I have been active on some of my other weblogs recently.  To be precise, I have been doing the following:

  1. Updating ADVENT, CHRISTMAS, AND EPIPHANY DEVOTIONS;
  2. Updating BLOGA THEOLOGICA;
  3. Modifying the structure of categories at LENTEN AND EASTER DEVOTIONS as I prepare to begin updating that weblog for 2020; and
  4. Modifying the structure of categories at ORDINARY TIME DEVOTIONS.

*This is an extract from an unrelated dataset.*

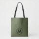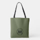 La moderna bolsa de tote monogramada presenta un diseño minimalista con un emblema verde oliva y un monograma negro sobre un fondo de oliva.

Of my three date-specific devotional weblogs, ORDINARY TIME DEVOTIONS is the current one, given that Pentecost was last Sunday.  We are now in the Season after Pentecost, an informal name for which is the “Long Green Season,” after the color of vestments and paraments.

I have also decided to begin taking notes for saints with feast days in December, starting with December 1.  My break from my Ecumenical Calendar of Saints’ Days and Holy Days has nearly ended.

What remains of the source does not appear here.